I don't know about translution, but as long as you use a quality transfer like JPSS then it will stand up to machine wash. But if you plan on pressing the tag into a dark shirt then this option won't work.



> So in regards to the above information, what would be considered the best option in cost and is there a heat transfer label that can stand up to machine wash.


Plastisol, because 1) you can gang up lots of tags on a sheet to save money and 2) you can put it on both light and dark shirts.


----------



## Zabulun (Oct 10, 2008)

What about buying the plastisol heat transfer paper and print out the logo / label information myself with a ink jet printer, would that work ?

A few days ago, Alstyle (T shirt company) told me that if I provide the heat transfer labels, the price is .25 cents to apply the heat tranfer label per 1 unit. That's even less than buying the main labels and hiring someone to sew them in.


----------



## queerrep (Jul 18, 2006)

Zabulun said:


> What about buying the plastisol heat transfer paper and print out the logo / label information myself with a ink jet printer, would that work ?

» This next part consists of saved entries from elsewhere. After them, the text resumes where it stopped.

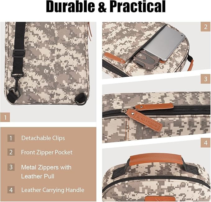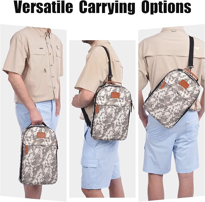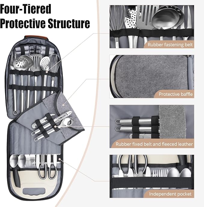 - Lightweight and Portable - This portable camping kitchen utensil set is compact, lightweight, and easy-to-carry. The camping backpack weighs under 4 lbs. Ideal for campers on the move, this backpack has 3 carrying options with a reinforced leather stitched carrying handle for hanging and holding, plus an adjustable shoulder strap to wear on your shoulder or as a cross-body bag. The camping cooking utensil backpack also has dual metal zippers with leather pull-tabs for easy opening and closing.
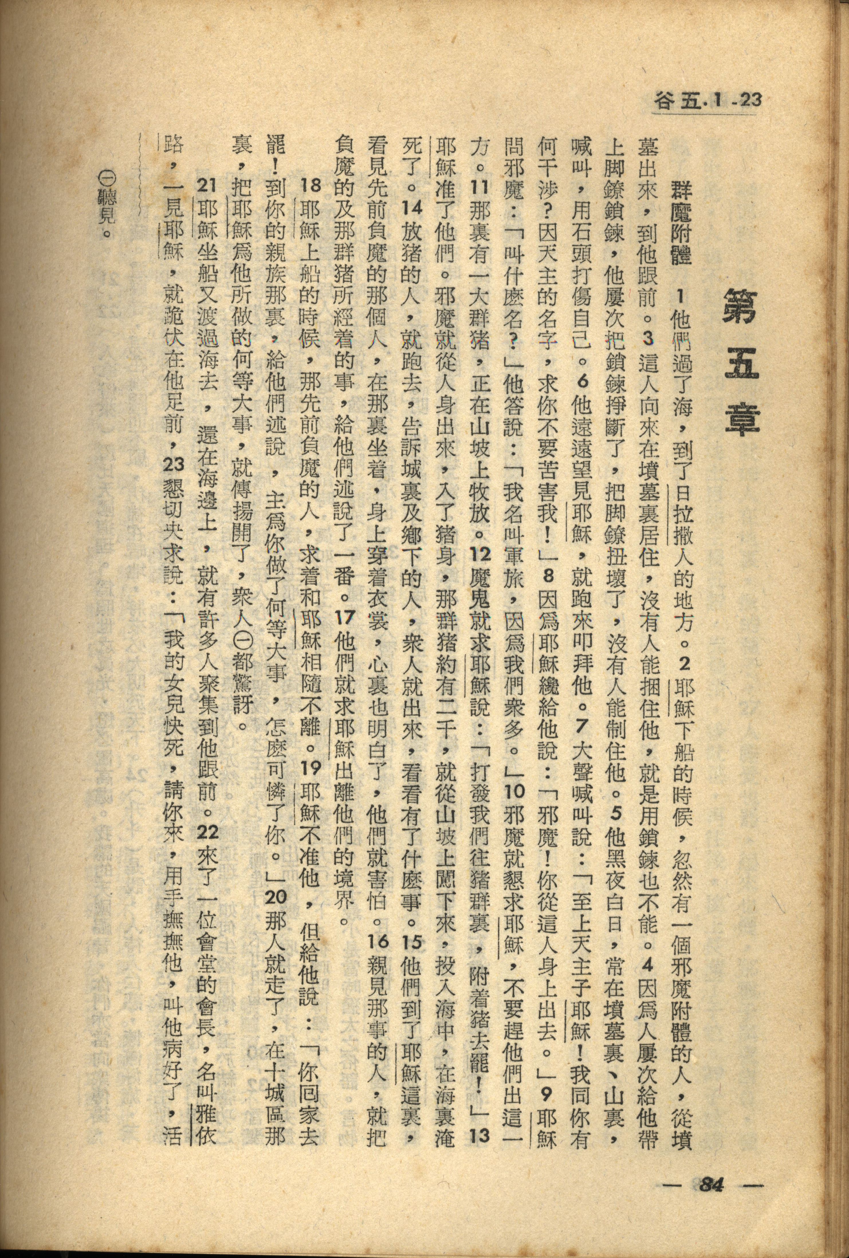 1956年新经全集 马可福音 5 章 1 节到 5 章 23 节
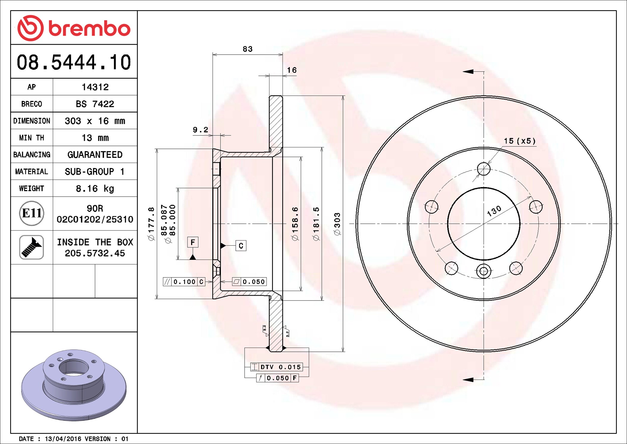 BREMBO 08.5444.10 - Brzdový kotouč

No because plastisol transfers are screenprinted.



Zabulun said:


> A few days ago, Alstyle (T shirt company) told me that if I provide the heat transfer labels, the price is .25 cents to apply the heat tranfer label per 1 unit. That's even less than buying the main labels and hiring someone to sew them in.

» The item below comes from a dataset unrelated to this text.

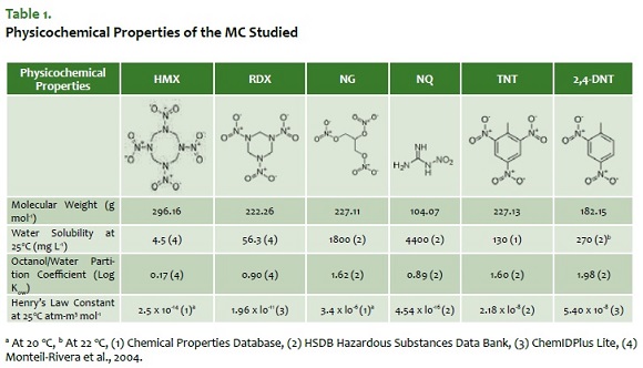 The fate of contaminants in the environment has been studied intensely since pollution became a public health problem. For this reason, many researchers have devoted their efforts to studying the physicochemical mechanisms of fate and transport phenomena. One group of these contaminants is the munitions constituents (MC). Contamination by MC is the result of incomplete detonation of explosives at operational ranges resulting in the heterogeneous dispersion of particulates. The toxic and mutagenic effects observed for many MC indicate a danger to biological receptors at down gradient sites (Kaplan & Kaplan, 1982; Robidoux et al., 2001, and Sunahara et al., 2009). In this sense, researchers have found that animals that ingest or breathe TNT evidence affections in the immune system (U.S. Department of Health and Human Services, 1995) and 2,4 DNT is toxic to aquatic organisms and cause long-term adverse effects in the aquatic environment (Material Safety Data Sheet OSHA, 2008). Millions of acres of land in the United States are believed to be contaminated by MC with the costs of assessment and remediation estimated to be in the billions of dollars and more than 2000 sites have been identified as potentially contaminated by energetic chemicals (U.S. General Accounting Office, 2003). In Canada training sites are known to be associated with activities involving RDX, HMX, and TNT (Hawari & Halasz, 2002). The contamination degree is extremely varied at these sites and the distribution is heterogeneous (Pennington, 2002). MC are one of the major causes of organic pollution (Travis, Bruce & Rosser, 2008) and some of them such as TNT, inhibit microbial activities in contaminated soil (Gong et al., 1999). In addition, millions of gallons of wastewater containing explosives are generated each year from production facilities (Walsh, Chalk & Merritt, 1973) and the wastewater after treatment still contain MC, becoming a second major source of surface and groundwater contamination. In Colombia this impact is not taking into account knowing that groups as the guerillas used mines in some places in the country. In order to minimize the environmental impact and maintain the balance between the environment, the needs of the military, and human health, it is necessary to understand the physicochemical processes that control the transport and the reactivity of the MC.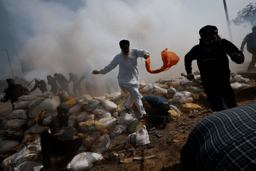 Farmers, who are marching towards New Delhi to press for better crop prices, run for cover amid tear gas fired by police to disperse them at Shambhu barrier, a border crossing between Punjab and Haryana states, India, on February 21. Photo: Reuters

It really all depends on whether you want to keep it in-house or pay someone else to do it. I fill each shirt order as it comes in, so I choose to put the tags in myself. However, if you're doing hundreds of shirts at one time then it's probably better to have someone else do it.


----------



## RocknRoePromo (Aug 18, 2007)

I've been using heat transfer for my tags, but as someone already said it's a problem for dark colors. I don't know about plastisol transfers for tags. With small writing like that don't they come off? I have some shirts like that and the tag info on the shirt is gone...unless it's not plastisol. What else could it be though?


----------



## Rodney (Nov 3, 2004)

> I have some shirts like that and the tag info on the shirt is gone...unless it's not plastisol. What else could it be though?


Could be pad printing.


----------



## queerrep (Jul 18, 2006)

Rodney said:


> Could be pad printing.


Or it could be bad printing.


----------



## Zabulun (Oct 10, 2008)

Thank you guys for the reply. This forum is a such a great help.


----------